Having secured another four years as the leader of Taiwan on Saturday, it is an opportunity for Tsai Ing-wen to recalibrate her approach to cross-Straits relations for the benefit of the island and its residents.
By dialing down the confrontational approach she has taken toward Beijing, she could not only ease the cross-Straits tensions, which have been rapidly worsening over the past couple of years, but also prevent the island being recklessly used by Washington as a pawn in its games.
It was the landslide defeat for her Democratic Progressive Party in the mid-term local elections on the island in late 2018 that prompted Tsai to resort to more desperate measures to reverse the situation.
Thus in the second half of her first term with her controvertible stance hitting the island's economy, Tsai became even more purposeful in displaying her secessionist colors in order to curry favor with the US. She eventually tapped into the upheaval instigated by the US in the Hong Kong Special Administrative Region in order to demonize the "one country, two systems" framework, which Beijing has also proposed for the island.
The climax of Tsai's efforts to create a pro-secessionist atmosphere on the island came at the end of last year, when the DPP forced through the island's so-called Anti-Infiltration Law to legalize its power to not only identify and label "infiltrators", but also punish them. Which is nothing but a scheme to enshroud the island in a McCarthy-style witch hunt to its own advantage.

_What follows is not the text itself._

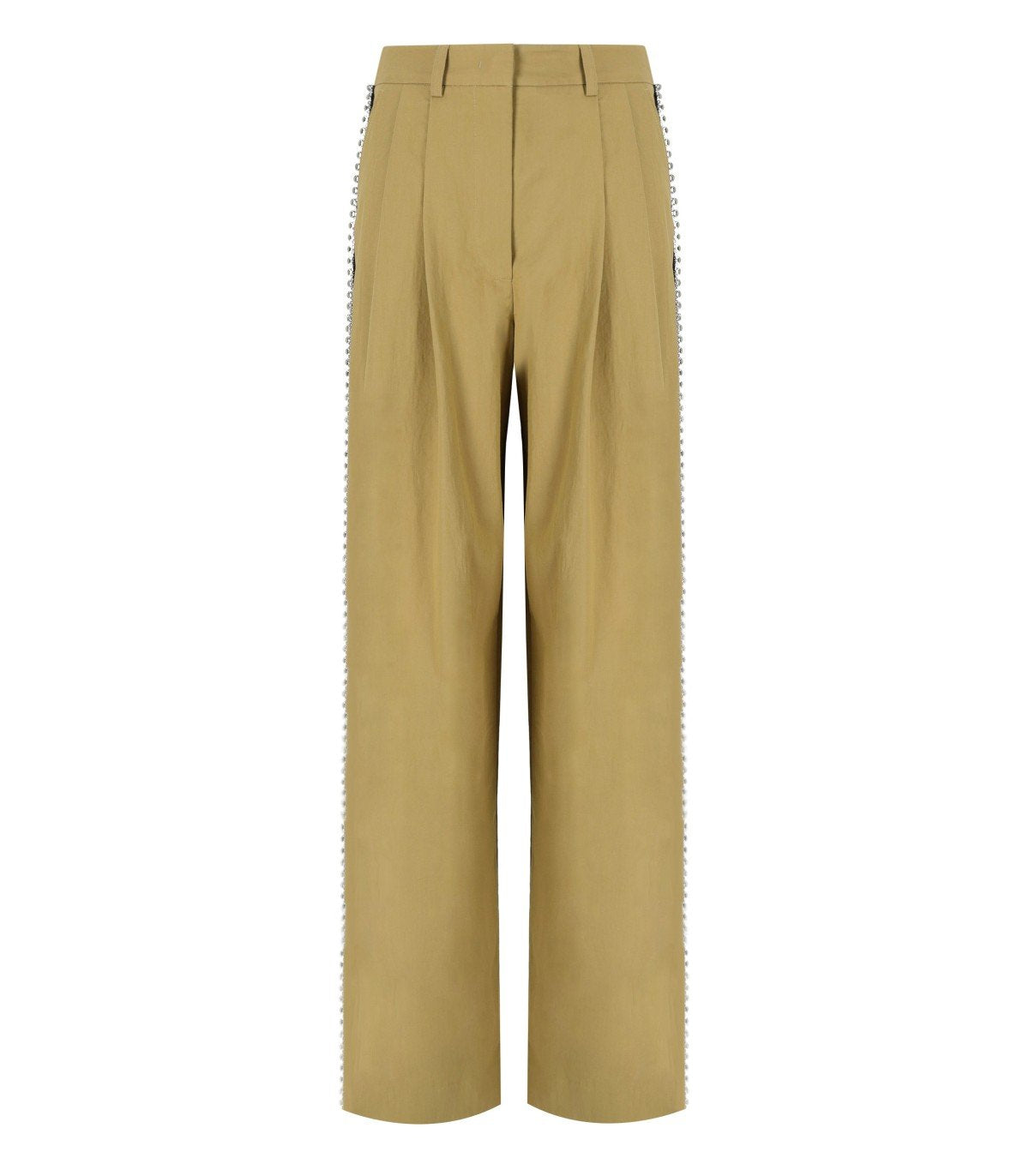 ISO-Hose von Essentiel Antwerp, gefertigt aus einer Baumwollmischung in Beigetönen. Sie hat einen weiten Schnitt, Gürtelschlaufen, französische Seitentaschen und einen Reißverschluss mit Metallhaken. An den Seiten ist sie mit schwarzen Stickereien und glänzenden Strasssteinen verziert. Lockerer Schnitt.

The Tsai administration turned to such tactics in order to cover up its inability to address the economic and livelihood problems on the island, which it has so far left unattended.

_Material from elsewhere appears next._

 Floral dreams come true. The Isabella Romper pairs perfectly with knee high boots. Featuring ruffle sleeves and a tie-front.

Unfortunately, her words and actions after the election suggest that rather than reflecting on the damage her first term in office has done to cross-Straits relations, Tsai will double down on that approach. Meeting with William Brent Christensen, a US diplomat who is director of the American Institute in Taiwan, on Sunday, she praised the US administration for its support and expressed her hope she would be able to strengthen her ties with the US administration.
Although she also professes to want dialogue with Beijing, she intentionally omitted the fact that it can only happen under the one-China principle established by the 1992 Consensus. Seemingly extending the olive branch to Beijing while buttoning her lips up on this suggests that she intends to continue with her truculent ways and has no qualms about dissembling.

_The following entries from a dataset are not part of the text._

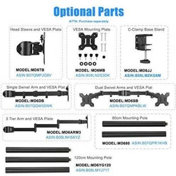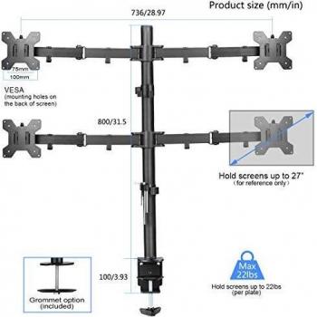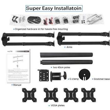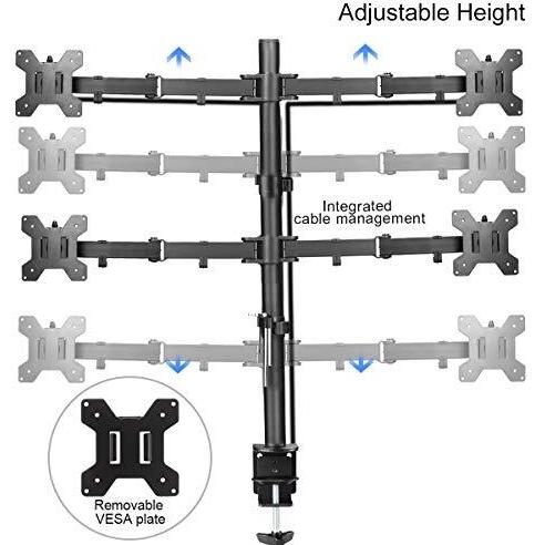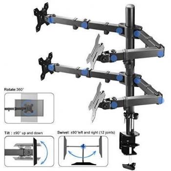 Suptek Braccio per monitor quad per schermi da 13"-27" | Rotazione girevole dell'inclinazione del morsetto per montaggio su monitor (asta 80cm) MD6884
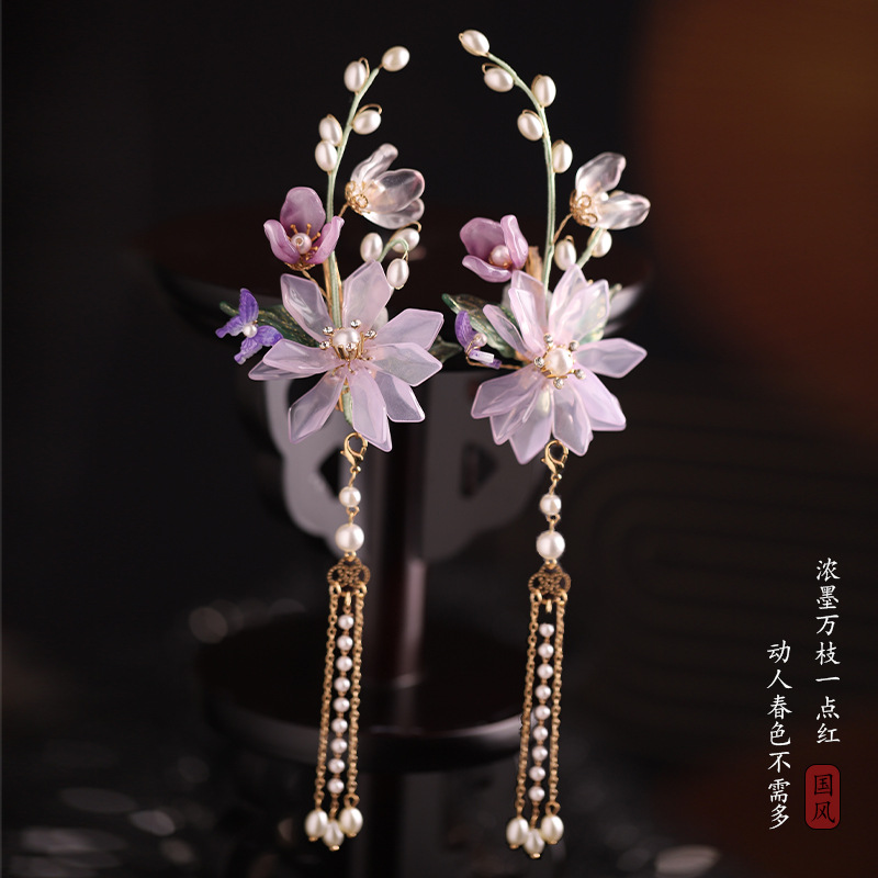 Hanfu hiasan kepala jepit rambut anak perempuan, aksesori rambut kuno jepit rambut gaya Tiongkok, rumbai langkah goyang
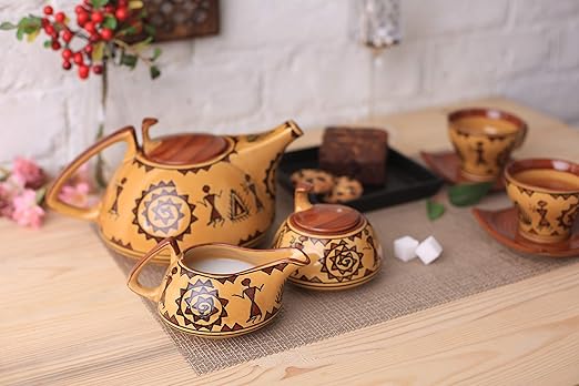 Caffeine Ceramic Handmade Mustard Romani Printed Tea Sets (Set of 15 pcs)
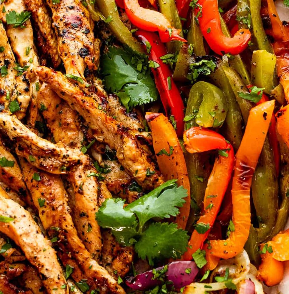One pound grilled adobo lime chicken, fajita vegetables, yellow seasoned rice, stewed black beans, and pico de gallo.
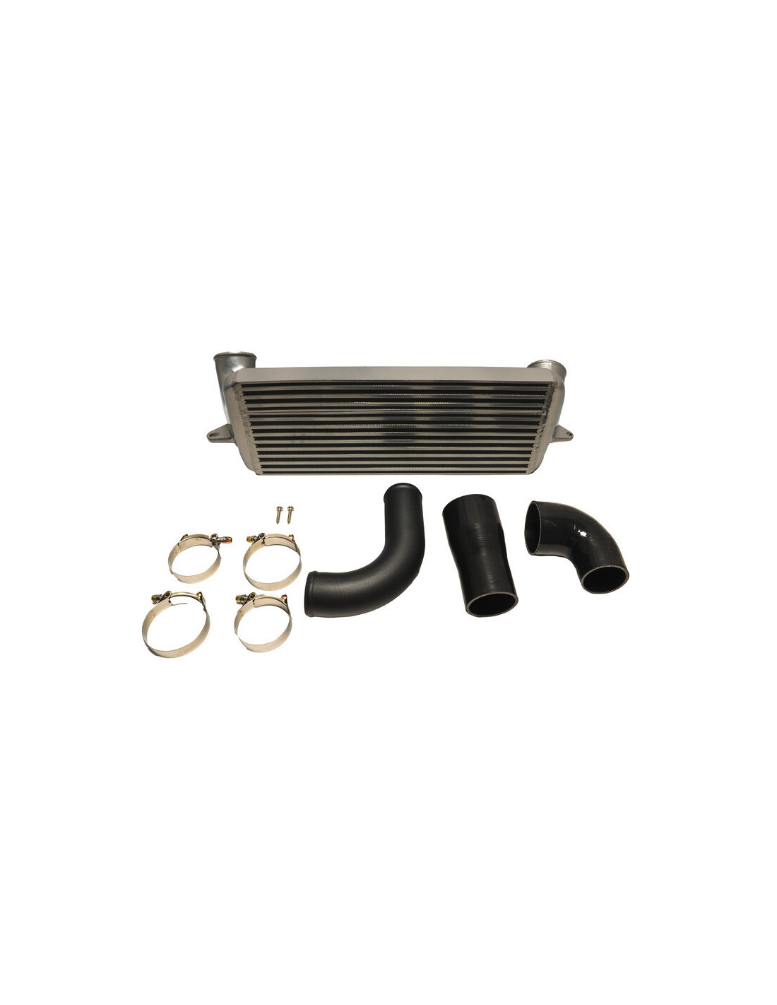 Questo kit intercooler da 5" include tutto il necessario per sostituire l'intercooler frontale OEM. Si tratta di un kit a montaggio diretto, il che significa che non sono necessarie modifiche permanenti. Si noti inoltre che non è necessario rimuovere il paraurti per l'installazione. Il kit viene fornito completo di tubo di sovralimentazione inferiore, raccordi, fascette e bulloneria di montaggio.

But having grabbed onto the coattails of the US' maximum pressure strategy against the Chinese mainland as her political lifeline, she should now let go. Continuing to push for separatism will only aggravate confrontation with the mainland. She should be aware that Beijing means what it says when it asserts it will never allow any pro-independence forces to separate Taiwan from China under any name or in any form.
And whether she accepts it or not, Tsai is trying to futilely hold back time. She cannot reverse the ever-deepening cross-Straits integration or the fact that Taiwan's reunification with the motherland is an unstoppable historical trend.